Mit Abschluss des DBA möchte Österreich seine Wirtschaftsbeziehungen mit Island fördern, die Standortattraktivität erhöhen sowie Transparenz und Amtshilfe nach dem OECD-Standard in der steuerlichen Zusammenarbeit erzielen. Chancen können sich in dieser Hinsicht für österreichische Unternehmen vor allem in den Bereichen Maschinen- und Anlagenbau sowie Geothermie und Wasserkraft ergeben. Grundsätzlich entspricht das Abkommen dem OECD-Musterabkommen, dennoch beinhaltet es einige wesentliche Abweichungen:

  • Art 10 – Dividenden. Im Falle von Portfoliodividenden beträgt die Quellensteuer im Staat der auszahlenden Gesellschaft 15%; bei Schachteldividenden mit einer Beteiligungshöhe ab 10% darf die Quellensteuer maximal 5% betragen. Gem Abs3 gelten auch Einkünfte, die nach dem Recht des Ansässigkeitsstaats der Gesellschaft Aktieneinkünften steuerlich gleichgestellt sind, als Dividenden, selbst wenn diese Einkünfte nicht aus Gesellschaftsanteilen stammen. Folglich fallen auch Stiftungszuwendungen gem § 27 Abs 5 Z 7 EStG unter den Dividendenbegriff iSd Art 10.
  • Art 11 – Zinsen. Zinsen dürfen im Gegensatz zum Musterabkommen nur im Ansässigkeitsstaat besteuert werden – der Quellenstaat verzichtet jeweils gänzlich auf sein Besteuerungsrecht.

Um eine Doppelbesteuerung zu vermeiden, kommt in Island die Anrechnungsmethode zur Anwendung. Österreich wendet die Befreiungsmethode unter Progressionsvorbehalt an. Bei Lizenzgebühren und Dividenden wendet auch Österreich grundsätzlich die Anrechnungsmethode an.

Turkmenistan.

Das DBA zwischen Österreich und Turkmenistan soll die Doppelbesteuerung von Einkommen und Vermögen vermeiden und erstmals ab 2017 zur Anwendung kommen. Das Abkommen tritt an die Stelle eines veralteten Abkommens Österreichs mit der UdSSR, das bislang im Verkehr mit Turkmenistan angewendet wurde. Das neue DBA folgt grundsätzlich dem OECD-Musterabkommen aus dem Jahr 1992. Mithilfe des DBA sollen die Wirtschaftsbeziehungen zwischen Österreich und Turkmenistan ausgebaut und der OECD-Standard hinsichtlich steuerlicher Transparenz und Amtshilfe eingeführt werden.

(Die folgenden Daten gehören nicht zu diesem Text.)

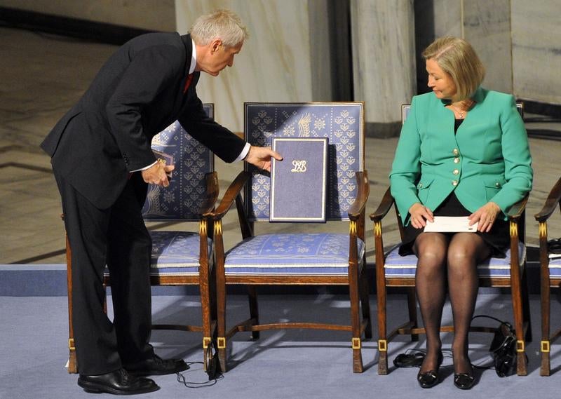 Informado pelos guardas prisionais que recebera o Nobel da Paz, Liu Xiaobo dedicou o prémio “às vítimas do massacre de Tiananmen”. Foi impedido de participar na cerimónia de entrega do Nobel, Liu foi representado por uma cadeira vazia, mais um gesto visto como uma afronta ao Governo chinês.

Die vom OECD-Muster abweichende Abkommensbestimmung betrifft im Wesentlichen den Dividenden-Artikel.

  • Art 10 – Dividenden. Grundsätzlich darf die Besteuerung im Quellenstaat in Übereinstimmung mit dem Musterabkommen maximal 15% betragen. Ist der Nutzungsberechtigte allerdings eine Gesellschaft (ausgenommen Personengesellschaft) mit einer unmittelbaren Beteiligung von mindestens 25%, hat der Ansässigkeitsstaat des Nutzungsberechtigten das alleinige Besteuerungsrecht.

Zur Vermeidung der Doppelbesteuerung bedient sich Österreich grundsätzlich der Anrechnungsmethode. Bei aktiver Geschäftstätigkeit wird für Unternehmensgewinne nach Art 7 aber die Befreiungsmethode mit Progressionsvorbehalt angewendet. Auf Seite Turkmenistans kommt die Anrechnungsmethode zur Anwendung.

Israel.

Ende November hat Österreich durch Finanzminister Schelling mit Israel ein neues DBA abgeschlossen, welches bei Inkrafttreten das alte Abkommen aus dem Jahr 1970 ersetzen soll. Auch hier steht die Verbesserung der Rahmenbedingungen für die wirtschaftlichen Beziehungen zwischen den beiden Ländern im Vordergrund, wobei vor allem die Innovationskraft Israels für ausländische Investoren attraktiv ist. Durch das neue DBA werden zB die relativ hohen Quellensteuersätze reduziert, wovon österreichische Unternehmen etwa bei Dividendenzahlungen ihrer israelischen Tochtergesellschaften profitieren.